Expeditors Hurt by Airfreight Services & Coronavirus Woes
We recently issued an updated report on Expeditors International of Washington, Inc. EXPD.
Like many other transportation companies, Expeditors is hit by uncertainties related to the COVID-19 pandemic.
Expeditors’ first-quarter 2020 top line was hurt due to supply-chain disruptions stemming from the coronavirus pandemic. The extended closure of factories in China due to the virus outbreak dented freight volumes in the March quarter. Notably, volumes pertaining to airfreight tonnage and ocean container contracted 7% and 10%, respectively, year over year. Apart from factory shutdowns, commercial flight cancellations and reduced ocean sailings led to double-digit fall in operating income.

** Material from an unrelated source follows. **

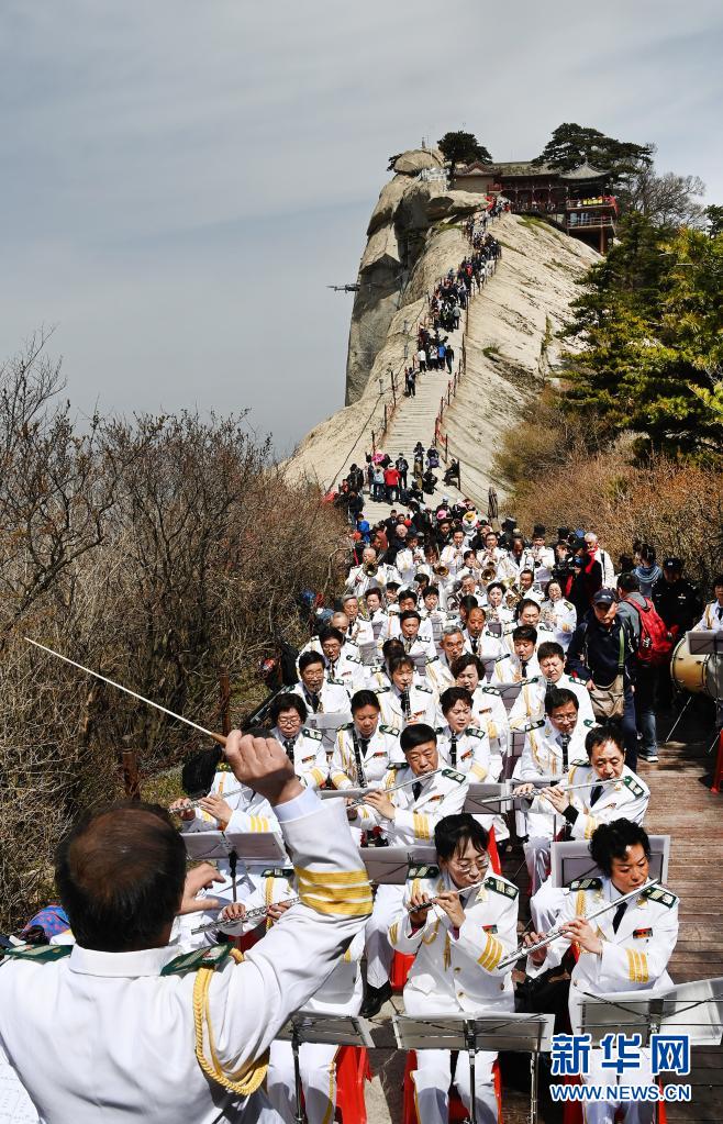 4月17日,铜管交响乐团在华山之巅演奏《没有共产党就没有新中国》。

With the current economic slowdown due to the COVID-19 pandemic, Expeditors’ operations are under pressure. For instance, North Asia, South Asia and North America registered tonnage declines of 9%, 11% and 4%, respectively, in first-quarter 2020. With the health peril showing no signs of subsiding, volumes is likely to be weak in the second quarter as well, thereby hurting overall results.

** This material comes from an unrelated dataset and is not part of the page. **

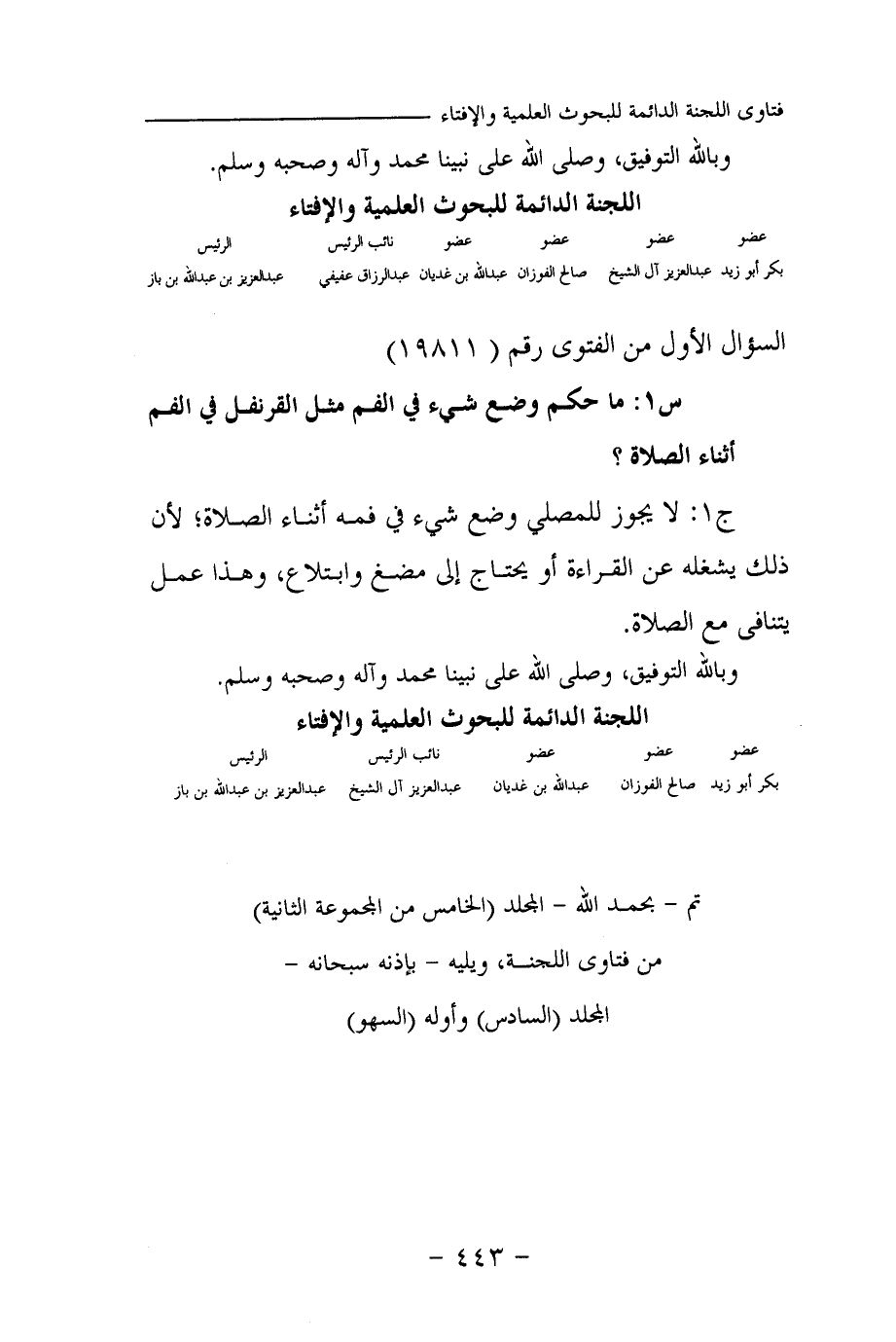 من فتاوى اللجنة، ويليه - بإذنه سبحانه - المجلد (السادس)

Expeditors International of Washington, Inc. Price
Expeditors International of Washington, Inc. price | Expeditors International of Washington, Inc. Quote
Meanwhile, Expeditors currently has a sound balance sheet. We are also encouraged by Expeditors’ sound balance sheet. As of Mar 31, 2020, the company had no long-term debt (other than lease liabilities), mainly due to its asset-light business model. Moreover, its current ratio stood at 2.26 and 2.37 at the end of the first quarter of 2020 and at the end of the fourth quarter of 2019 respectively, comparing favorably with the respective figures for the industry of 1.72 and 1.83. A higher current ratio implies that the company is more likely to meet its liabilities which are due over the next 12 months.
Zacks Ranks & Key Picks
Expeditors currently carries a Zacks Rank #4 (Sell).

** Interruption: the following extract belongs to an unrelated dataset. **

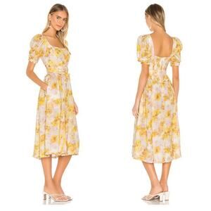 For Love & Lemons | Womens Zinna Midi Dress Lemonade Yellow Floral Smocked Small

A few better-ranked stocks in the Zacks Transportation sector are Air Lease Corporation AL, Ryanair Holdings plc RYAAY and Teekay Tankers Ltd. TNK. All the stocks carry a Zacks Rank #2 (Buy). You can see the complete list of today’s Zacks #1 Rank (Strong Buy) stocks here.
Long-term earnings (three to five years) growth rate for Air Lease, Ryanair Holdings and Teekay Tankers is estimated at 3.1%, 20.5% and 3%, respectively.